Back in February, we installed Caffe on the TX1. At the time, the TX1 was running a 32-bit version of L4T 23.1. With the advent of the 64-bit L4T 24.2, this seems like a good time to do a performance comparison of the two. The TX1 can now do an image recognition in about 8 ms! For the install and test, Looky Here:

Background

As you recall, Caffe is a deep learning framework developed with cleanliness, readability, and speed in mind. It was created by Yangqing Jia during his PhD at UC Berkeley, and is in active development by the Berkeley Vision and Learning Center (BVLC) and by community contributors.

The L4T 23.1 Operating System release was a 64-bit kernel supporting a 32-bit user space. For the L4T 24.2 release, both the kernel and the user space are 64-bit.

Caffe Installation

A script is available in the JetsonHack Github repository which will install the dependencies for Caffe, downloads the source files, configures the build system, compiles Caffe, and then runs a suite of tests. Passing the tests indicates that Caffe is installed correctly.

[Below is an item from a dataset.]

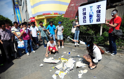 16 сентября перед воротами одного университета в городе Учан (часть города Ухань провинции Хубэй), группа девушек в масках, выкрикивая лозунг «Не быть вазой, а быть собой!» (на китайском сленге "ваза" также означает "красивая, но пустая девушка"), разбили вазу высотой около 1,2 метров. Организаторы акции отметили, что для студенток гораздо важнее обретение мудрости и личной независимости.(<<Жэньминь жибао>> он-лайн)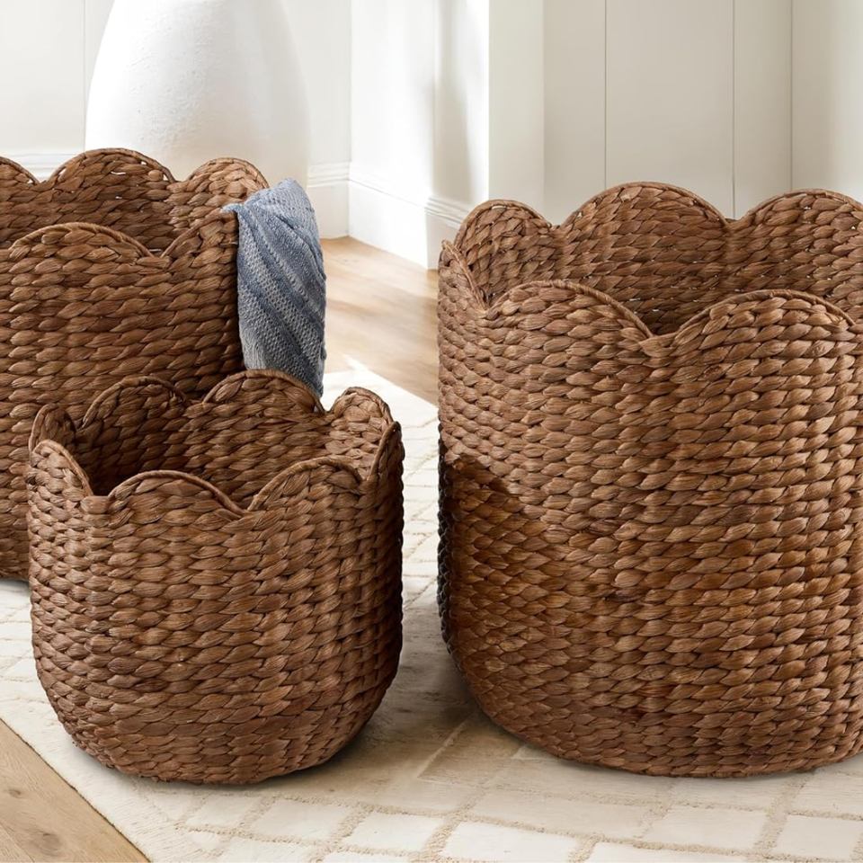 Product name:Water Hyacinth Scalloped Storage Baskets for Organizing

This installation demonstration is for a NVIDIA Jetson TX1 running L4T 24.2, an Ubuntu 16.04 variant. The installation of L4T 24.2 was done using JetPack 2.3, and includes installation of OpenCV4Tegra, CUDA 8.0, and cuDNN 5.1.

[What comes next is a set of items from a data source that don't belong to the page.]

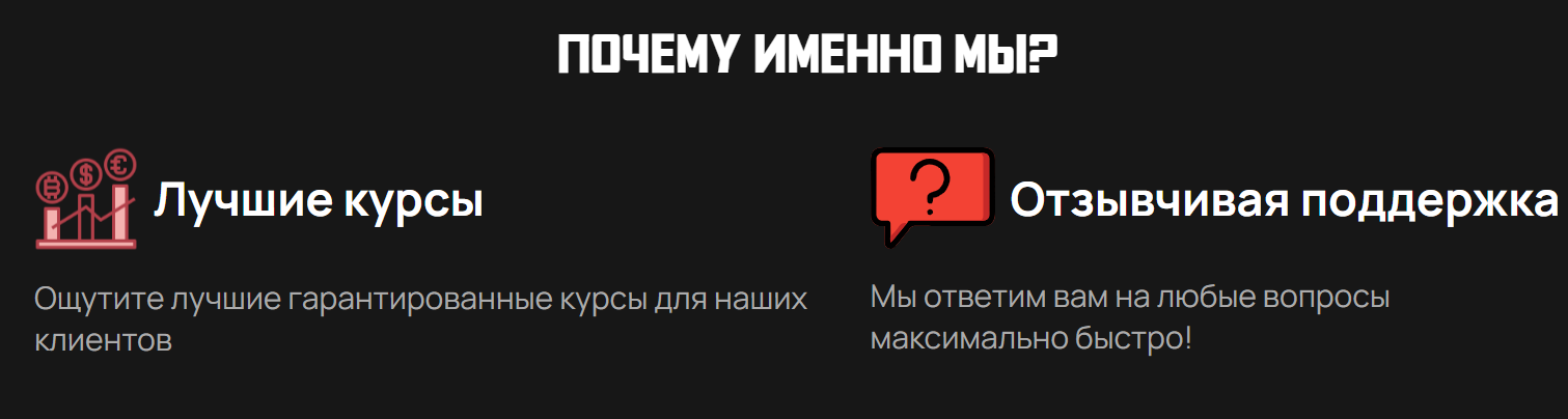 Чтобы обмен выглядел более выгодным, могут искусственно завышать курсы по отдельным направлениям. В итоге после появления негативных отзывов от тех, кто потеряет деньги, обменник закрывают, а вместо него запускают новый с сайтом на том же шаблоне.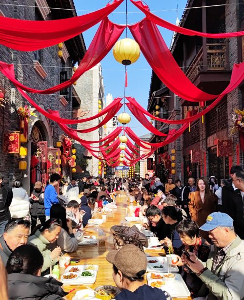 在詹王厨艺的用餐区,最热闹的位置便属2025年央视春晚长桌宴的拍摄地,如今这里已成为汉口里的网红打卡点,只见在40米的长桌两边,市民游客们争相拍照打卡。
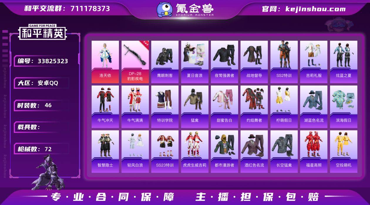 【洛天依 1粉装1特效枪 可秒换绑不用等】 安卓Q区-17809热力值-46套装-72枪皮 【1粉装】 洛天依【1特效枪】 DP-28-豹影疾电(1级)【17热门】 M416-蓝色火焰 GROZA-彩虹符号 QBZ-银碳小老虎 长空猛禽 牛气冲天 鹰眼刺客 SS23特训 SS22特训 SCAR-L-玉兔迎春 M762-天降萌叽 Mk47-乌木金纹 UMP45-蓝色火焰 MG3-幻世战舞者 AKM-虎虎生威 AKM-霓虹街区【1飞行器】 红色滑翔尾迹 营地ID:1045571442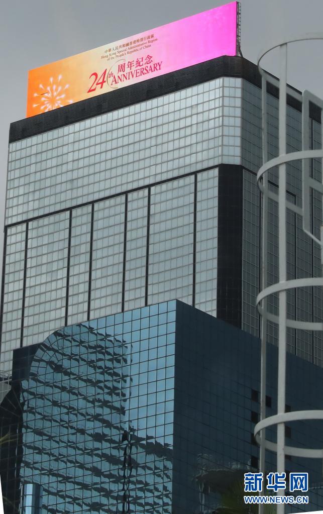 香港街头建筑物上电子屏显示的标语(6月29日摄)。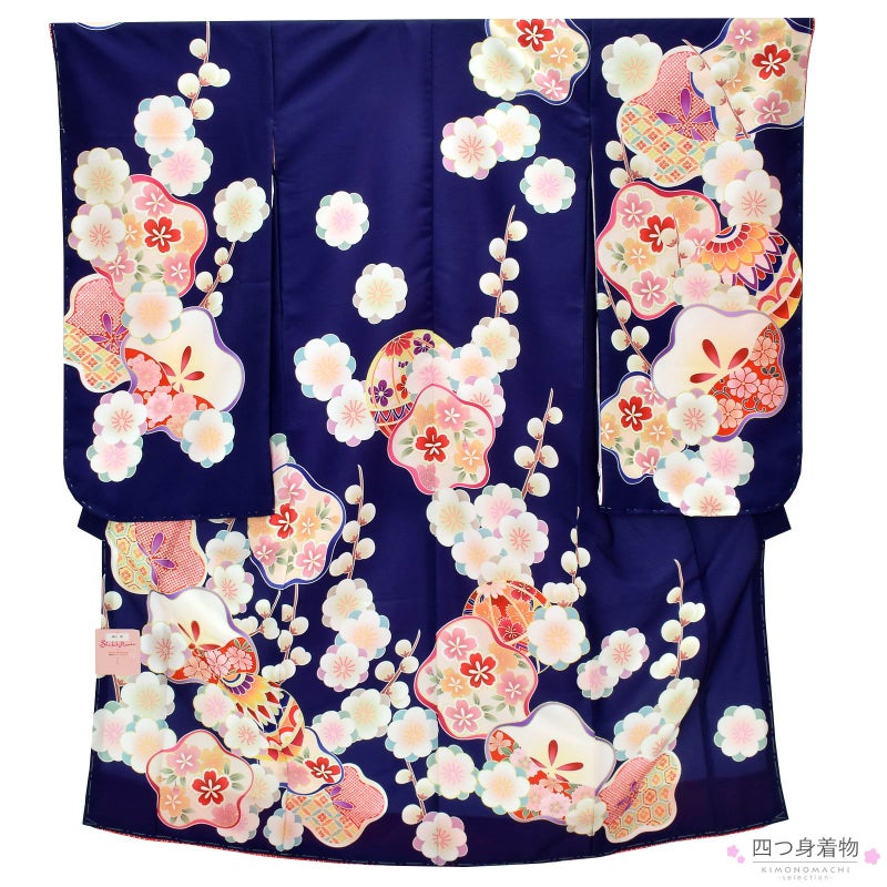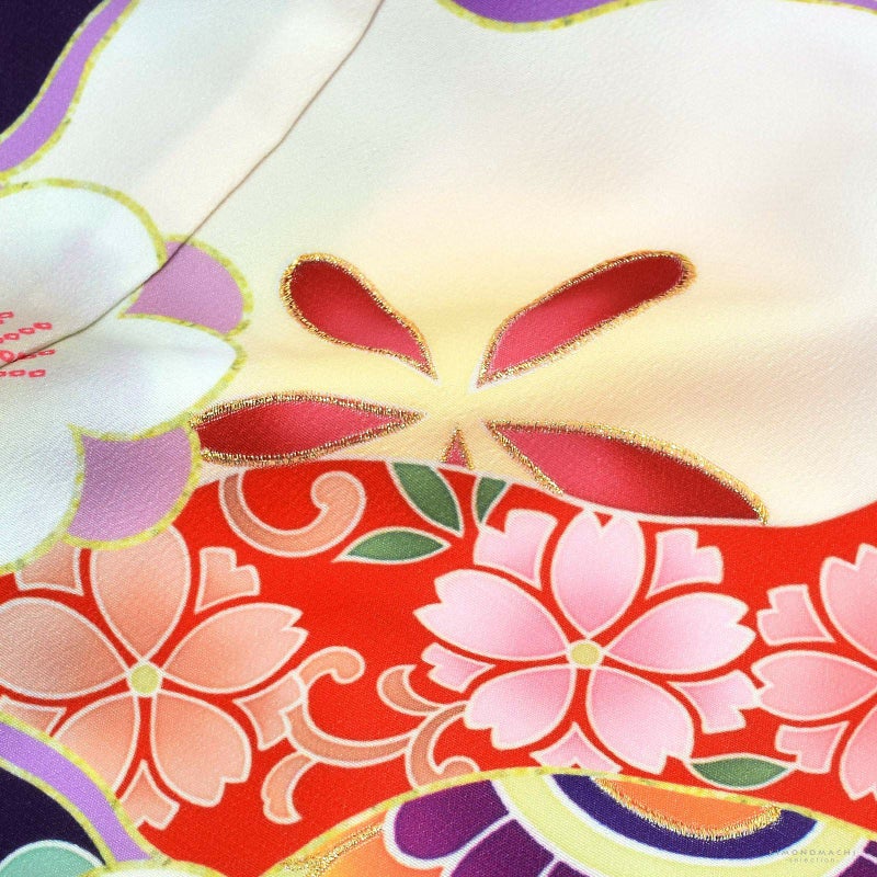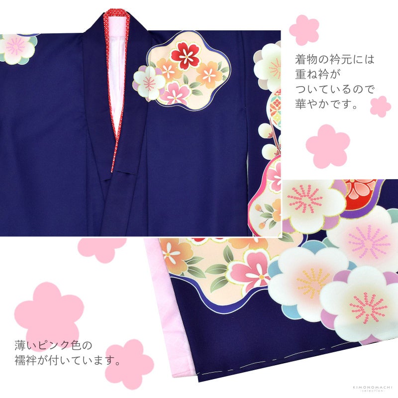 着物はやや紫色みの紺地。青紫や藤色、赤紫の線で表現された光琳梅に、桜や亀甲、疋田などの文様が詰まっています。赤、薄緑、山吹色にピンク、紫などの配色の手毬に八重梅、枝梅などが可愛らしく華やかな印象。ポイントにゴールドの刺繍。重ね衿は赤の疋田。薄ピンクの疋田の地模様の長襦袢。

Before starting the installation, you may want to set the CPU and GPU clocks to maximum by running the script:

$ sudo ./jetson_clocks.sh

The script is in the home directory, and is also included in the installCaffeJTX1 repository for convenience.

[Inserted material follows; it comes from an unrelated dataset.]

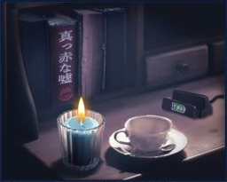 「紙の切れ端」2つを組み合わせる。 事務室の左の机にある「真っ赤な嘘」から 暗号の赤文字を無視すると、「3751」が導き出される | ![]() |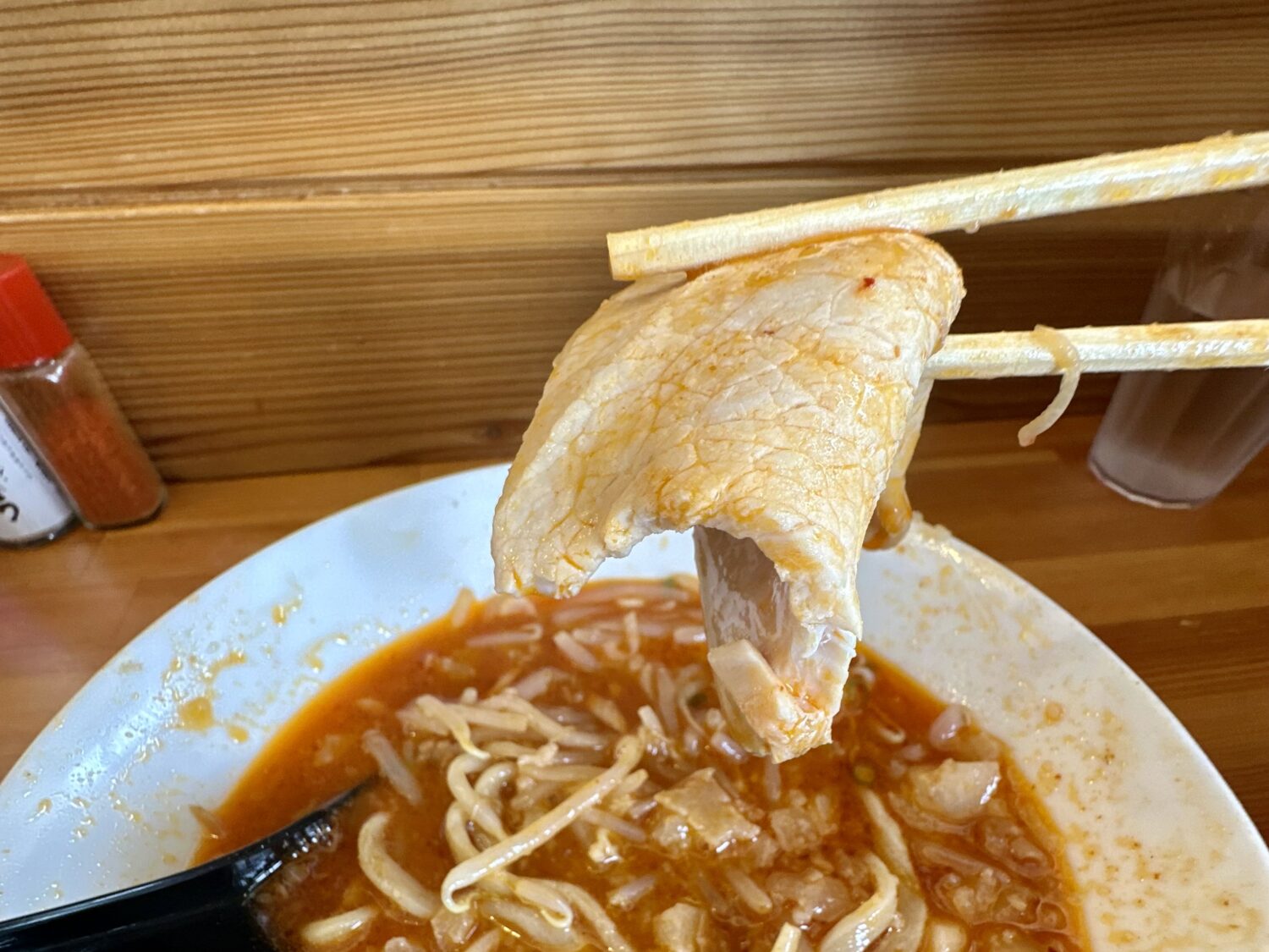 俗に言う”ブタ”とは違う、ちょい厚めぐらいのシットリチャーシューは後で巻かれる運命だと思う

In order to install Caffe:

$ git clone https://github.com/jetsonhacks/installCaffeJTX1.git
$ cd installCaffeJTX1
$ ./installCaffe.sh

Installation should not require intervention, in the video installation of dependencies and compilation took about 10 minutes. Running the unit tests takes about 45 minutes. While not strictly necessary, running the unit tests makes sure that the installation is correct.

Test Results

At the end of the video, there are a couple of timed tests which can be compared with the Jetson TK1, and the previous installation:

Jetson TK1 vs. Jetson TX1 Caffe GPU Example Comparison 10 iterations, times in milliseconds
Machine	Average FWD	Average BACK	Average FWD-BACK
Jetson TK1 (32-bit OS)	234	243	478
Jetson TX1 (32-bit OS)	179	144	324
Jetson TX1 *with cuDNN support* (32-bit OS)	103	117	224
Jetson TX1 (64-bit OS)	110	122	233
Jetson TX1 *with cuDNN support* (64-bit)	80	119	200

There is definitely a performance improvement between the 32-bit and 64-bit releases. There are a couple of factors for the performance improvement. One is the change from a 32-bit to 64-bit operating system. Another factor is the improvement of the deep learning libraries, CUDA and cuDNN, between the releases. Considering that the tests are running on the exact same hardware, the performance boost is impressive. Using cuDNN provides a huge gain in the forward pass tests.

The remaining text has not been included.